## WORK ORDER
Return each entry word for word, without its pictures.

## Stored items
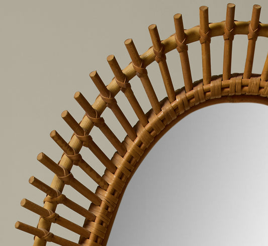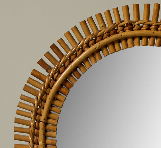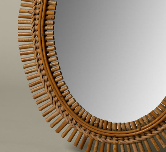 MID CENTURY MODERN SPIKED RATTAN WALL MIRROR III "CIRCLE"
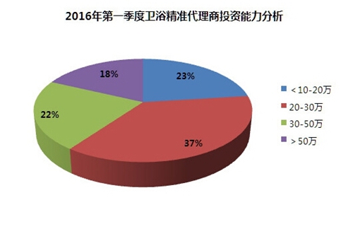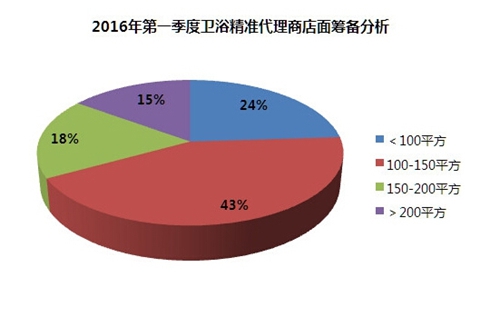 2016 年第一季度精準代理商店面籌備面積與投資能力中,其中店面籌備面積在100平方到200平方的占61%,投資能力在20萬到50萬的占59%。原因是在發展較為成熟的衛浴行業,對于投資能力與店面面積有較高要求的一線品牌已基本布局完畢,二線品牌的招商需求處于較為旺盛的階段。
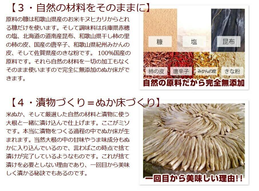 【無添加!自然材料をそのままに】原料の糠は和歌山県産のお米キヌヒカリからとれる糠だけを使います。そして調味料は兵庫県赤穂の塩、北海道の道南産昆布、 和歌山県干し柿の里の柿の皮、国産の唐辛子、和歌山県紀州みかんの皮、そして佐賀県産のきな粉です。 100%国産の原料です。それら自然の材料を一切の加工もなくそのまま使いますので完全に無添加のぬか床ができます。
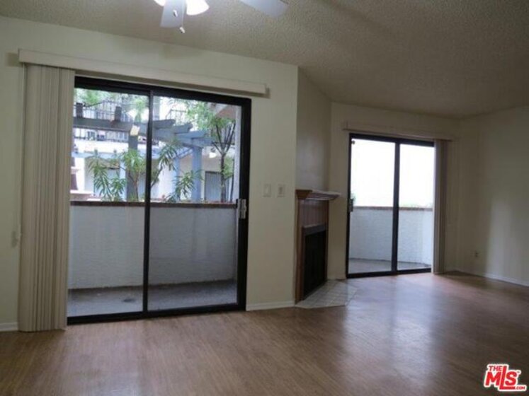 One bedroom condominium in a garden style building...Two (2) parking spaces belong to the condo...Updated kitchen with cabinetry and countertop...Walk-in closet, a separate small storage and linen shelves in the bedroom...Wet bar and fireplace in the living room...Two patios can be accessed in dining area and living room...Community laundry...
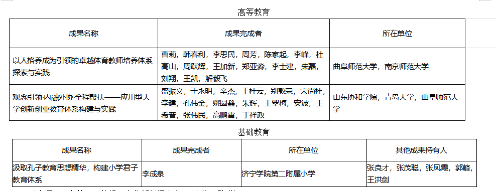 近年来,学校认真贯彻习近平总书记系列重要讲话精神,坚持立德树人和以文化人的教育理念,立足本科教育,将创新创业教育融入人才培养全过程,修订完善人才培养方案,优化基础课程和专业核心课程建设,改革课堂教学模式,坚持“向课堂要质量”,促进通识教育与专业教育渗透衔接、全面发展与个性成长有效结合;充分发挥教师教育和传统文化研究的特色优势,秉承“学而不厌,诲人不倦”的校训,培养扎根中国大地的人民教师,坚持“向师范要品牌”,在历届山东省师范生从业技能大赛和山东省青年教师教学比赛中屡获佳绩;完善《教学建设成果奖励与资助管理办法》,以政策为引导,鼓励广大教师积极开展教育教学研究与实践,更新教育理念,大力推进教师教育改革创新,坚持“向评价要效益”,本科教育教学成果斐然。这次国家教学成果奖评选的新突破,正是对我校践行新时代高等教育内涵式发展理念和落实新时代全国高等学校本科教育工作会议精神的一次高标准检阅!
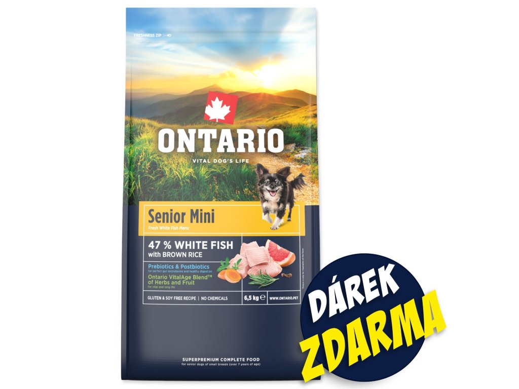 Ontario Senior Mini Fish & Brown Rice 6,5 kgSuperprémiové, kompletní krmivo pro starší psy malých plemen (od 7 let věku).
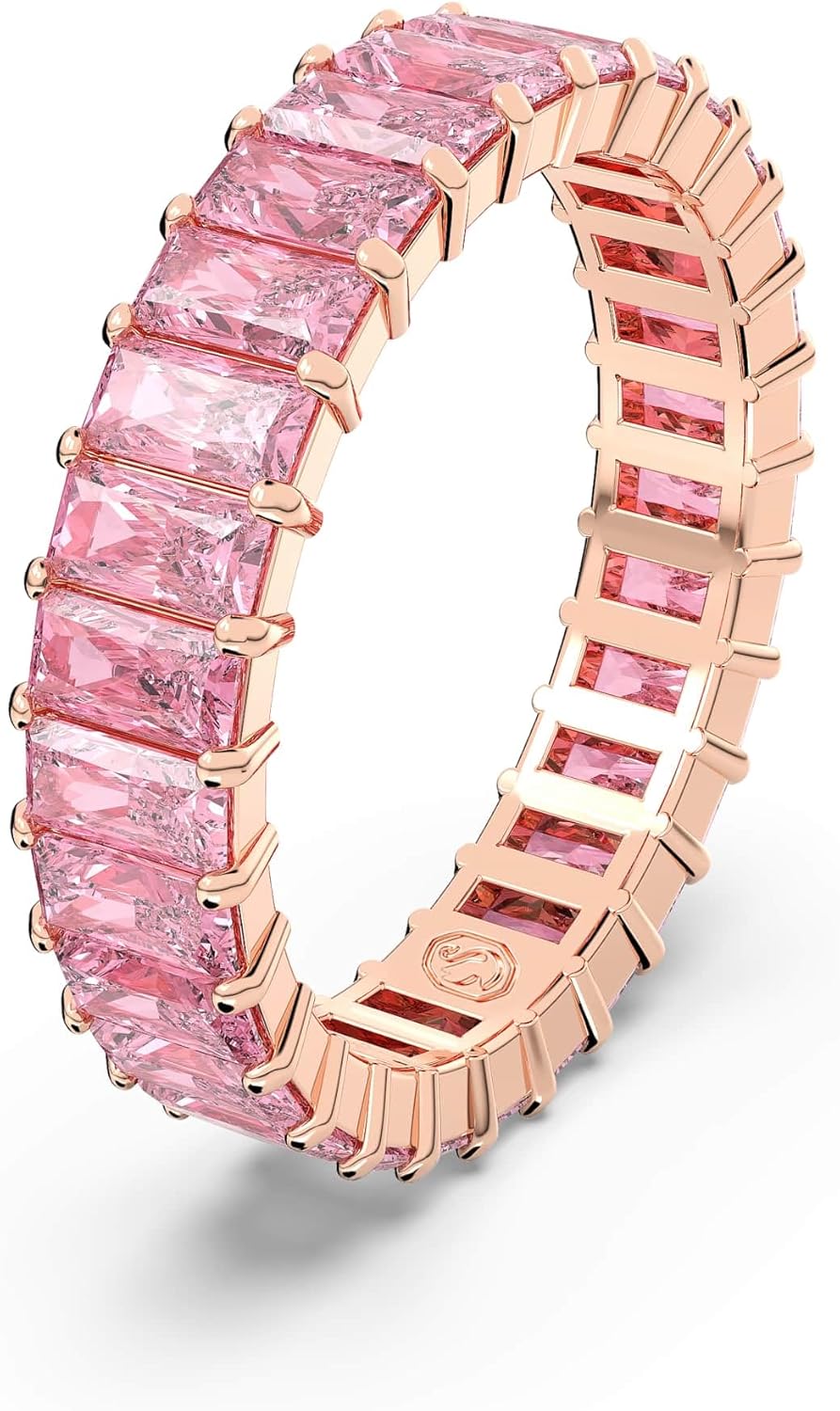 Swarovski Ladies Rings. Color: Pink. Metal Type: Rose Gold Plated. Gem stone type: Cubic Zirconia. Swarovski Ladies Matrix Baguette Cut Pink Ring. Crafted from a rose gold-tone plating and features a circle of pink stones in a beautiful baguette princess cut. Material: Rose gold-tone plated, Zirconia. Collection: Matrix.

## ANSWER BOX
 MID CENTURY MODERN SPIKED RATTAN WALL MIRROR III "CIRCLE"
 2016 年第一季度精準代理商店面籌備面積與投資能力中,其中店面籌備面積在100平方到200平方的占61%,投資能力在20萬到50萬的占59%。原因是在發展較為成熟的衛浴行業,對于投資能力與店面面積有較高要求的一線品牌已基本布局完畢,二線品牌的招商需求處于較為旺盛的階段。
 【無添加!自然材料をそのままに】原料の糠は和歌山県産のお米キヌヒカリからとれる糠だけを使います。そして調味料は兵庫県赤穂の塩、北海道の道南産昆布、 和歌山県干し柿の里の柿の皮、国産の唐辛子、和歌山県紀州みかんの皮、そして佐賀県産のきな粉です。 100%国産の原料です。それら自然の材料を一切の加工もなくそのまま使いますので完全に無添加のぬか床ができます。
 One bedroom condominium in a garden style building...Two (2) parking spaces belong to the condo...Updated kitchen with cabinetry and countertop...Walk-in closet, a separate small storage and linen shelves in the bedroom...Wet bar and fireplace in the living room...Two patios can be accessed in dining area and living room...Community laundry...
 近年来,学校认真贯彻习近平总书记系列重要讲话精神,坚持立德树人和以文化人的教育理念,立足本科教育,将创新创业教育融入人才培养全过程,修订完善人才培养方案,优化基础课程和专业核心课程建设,改革课堂教学模式,坚持“向课堂要质量”,促进通识教育与专业教育渗透衔接、全面发展与个性成长有效结合;充分发挥教师教育和传统文化研究的特色优势,秉承“学而不厌,诲人不倦”的校训,培养扎根中国大地的人民教师,坚持“向师范要品牌”,在历届山东省师范生从业技能大赛和山东省青年教师教学比赛中屡获佳绩;完善《教学建设成果奖励与资助管理办法》,以政策为引导,鼓励广大教师积极开展教育教学研究与实践,更新教育理念,大力推进教师教育改革创新,坚持“向评价要效益”,本科教育教学成果斐然。这次国家教学成果奖评选的新突破,正是对我校践行新时代高等教育内涵式发展理念和落实新时代全国高等学校本科教育工作会议精神的一次高标准检阅!
 Ontario Senior Mini Fish & Brown Rice 6,5 kgSuperprémiové, kompletní krmivo pro starší psy malých plemen (od 7 let věku).
 Swarovski Ladies Rings. Color: Pink. Metal Type: Rose Gold Plated. Gem stone type: Cubic Zirconia. Swarovski Ladies Matrix Baguette Cut Pink Ring. Crafted from a rose gold-tone plating and features a circle of pink stones in a beautiful baguette princess cut. Material: Rose gold-tone plated, Zirconia. Collection: Matrix.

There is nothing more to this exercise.